| The data |
* * * * * * *

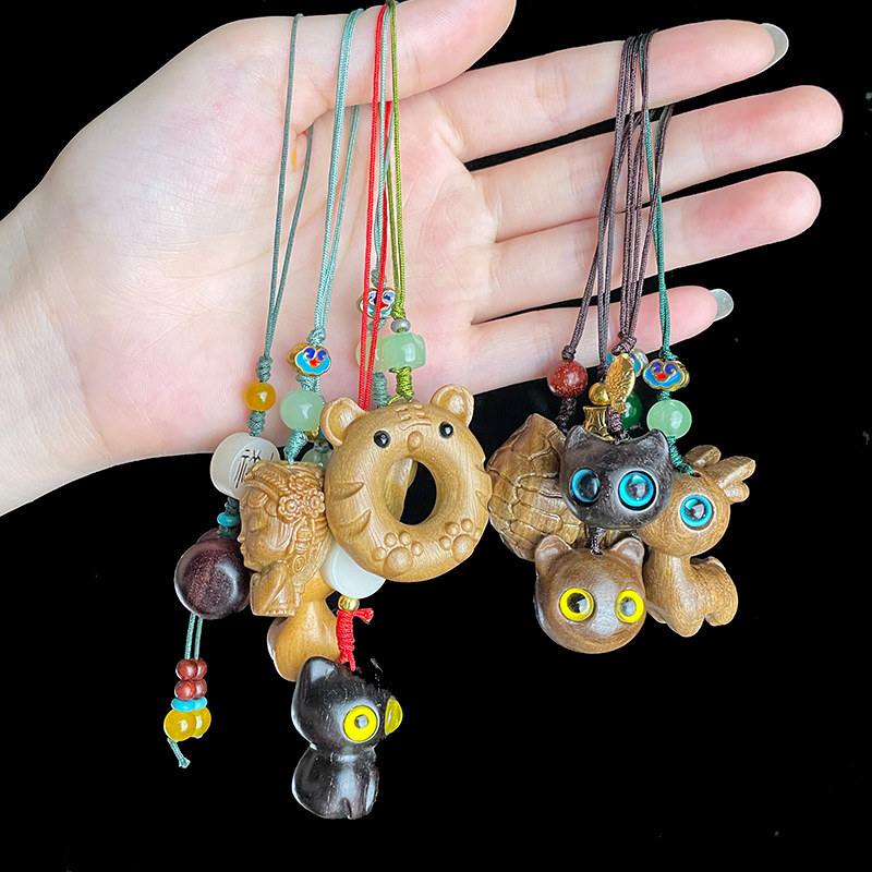 可爱动物吊坠DIY钥匙扣手机链书包挂件夜光饰品挂饰紫檀檀香木
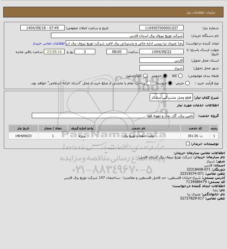 نام دستگاه خریدار:شرکت توزیع نیروی برق استان فارس
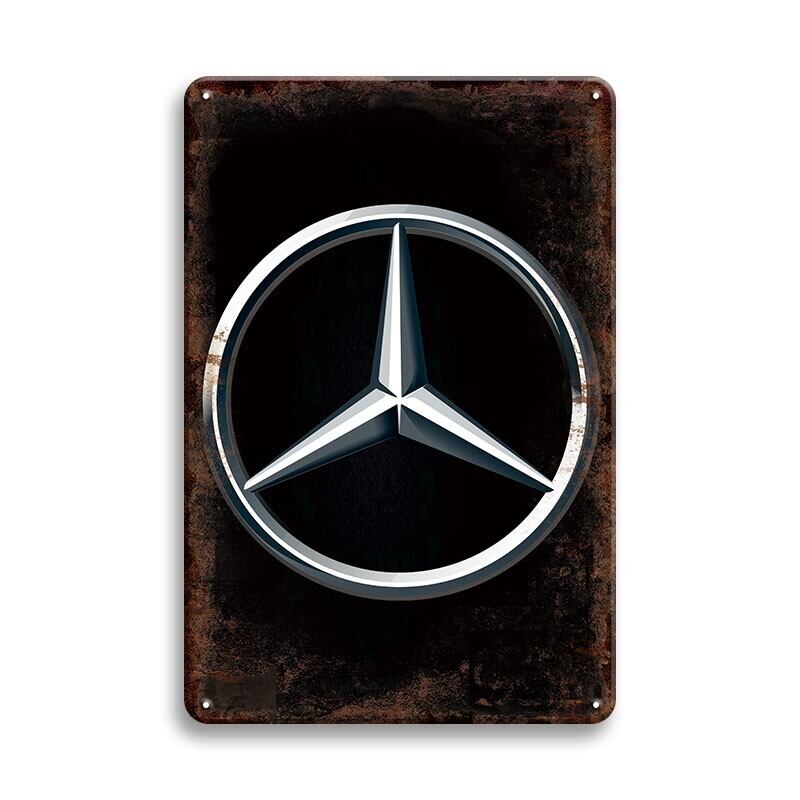 Mercedes Benzのロゴをデザインした高級感あるブリキ看板です。
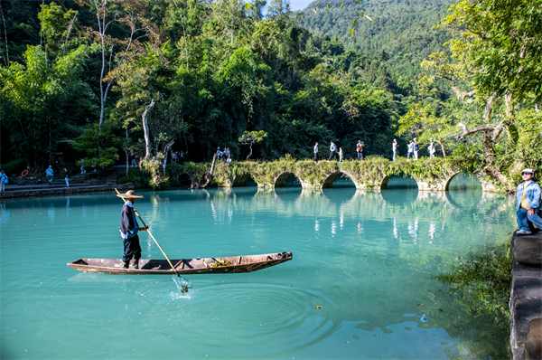 图为黔南州荔波县小七孔景区游人如织,护河员打捞水中杂物。杨良强 摄

* * * * * * *

| Exercise description |
Print, please, exactly the lines from the one holding "Mercedes Benzのロゴをデザインした高級感あるブリキ看板です。" through the final line of the data, both included, while leaving out each picture.

| Problem solution |
 Mercedes Benzのロゴをデザインした高級感あるブリキ看板です。
 图为黔南州荔波县小七孔景区游人如织,护河员打捞水中杂物。杨良强 摄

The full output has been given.